First of all, there is no point in having "domestic car producers" if foreign car producers do the job more efficiently. Whether or not this is the case should be decided by customers and not by central bureaucrats. Now one might argue that tax-subsidized foreign car producers are being advantaged since they can make cheaper offers or include more features for the same price or whatever. To this I say, good for the customer. Taxpayers in a far-away land had to give their earnings to allow for such a great bargain, and Americans would only be disadvantaging themselves if they did the same or refused to take the subsidized offer.

Furthermore, subsidies lower the incentive of producers to improve price and quality conditions. Faced with below-market price competition from abroad, domestic car producers would have a huge incentive to implement even the smallest improvements, thus constantly pushing for the most efficient ways of production, the highest gas mileage, the most economical transportation routes and so on. In short, they'd be working for the customer which is what free markets are all about.

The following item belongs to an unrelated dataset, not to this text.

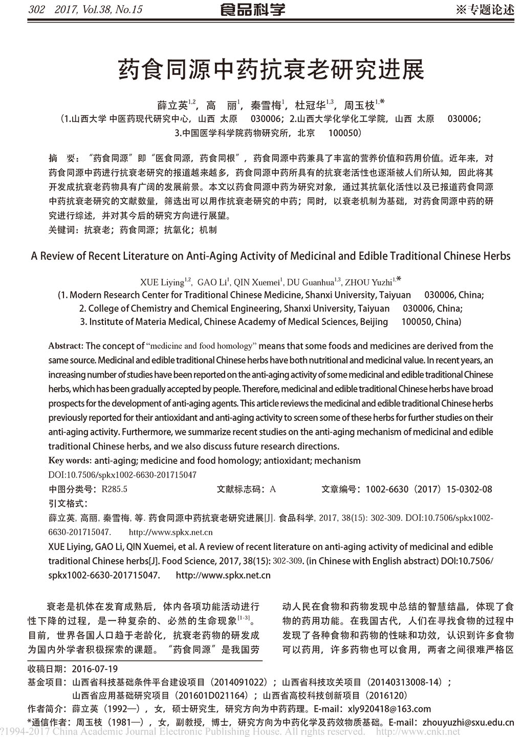 藥食同源中藥抗衰老研究進展_薛立英
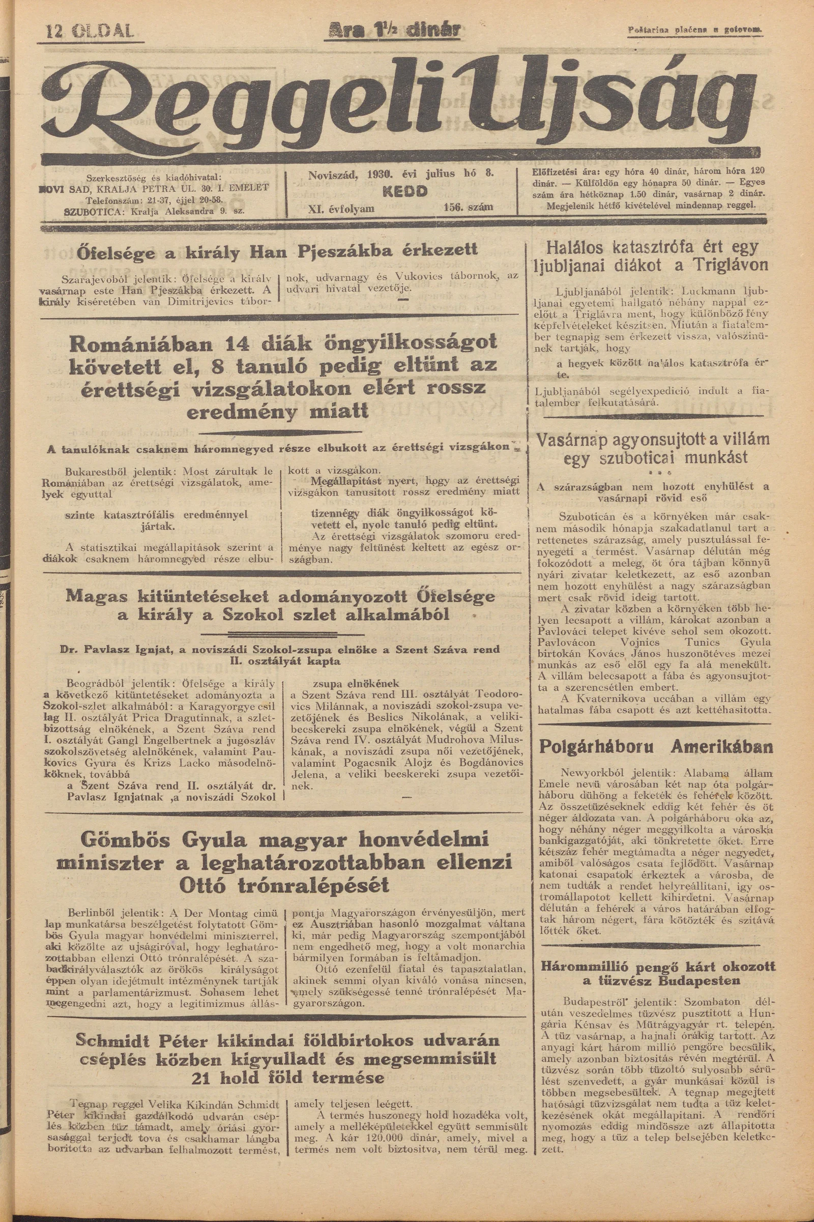 Reggeli Újság, 11. évf. 1930. július 8. 156. sz.

Subsidies, to the contrary, would set an incentive to hire more and better lobbying personnel to make sure the next bailout won't be all too troublesome to get. Car quality would be degraded to second rank, in spite of what all those neatly dressed spokesmen will tell you in the next few weeks.

However, there's still one concern left: jobs. Not subsidizing failing companies may result in a temporary unemployment rate hike. But there's no reason to believe that a) no new car producers would fill the gap (think, for example, of Tesla Motors, pretty much pioneers in mass-producing electric cars [thanks to Opponent for pointing me to this]) and b) people wouldn't find employment outside the car industry. Instead of producing cars that don't sell, people would engage in more profitable endeavors and would thus be doing society a much greater favor than by clinging to (at least for the moment) low-demand industries and products.

And for those (including myself, American trucks and SUVs are sure to draw my attention) who fear their "tough-built big block wonder machines" might stop being produced: there's always room for niche markets. If one of the Big Three, for example, decided to specialize on building heavy vehicles, they'd probably have to cut down on their production lines, but might be able to sustain doing "big car business" on a smaller scale, always according to market demand.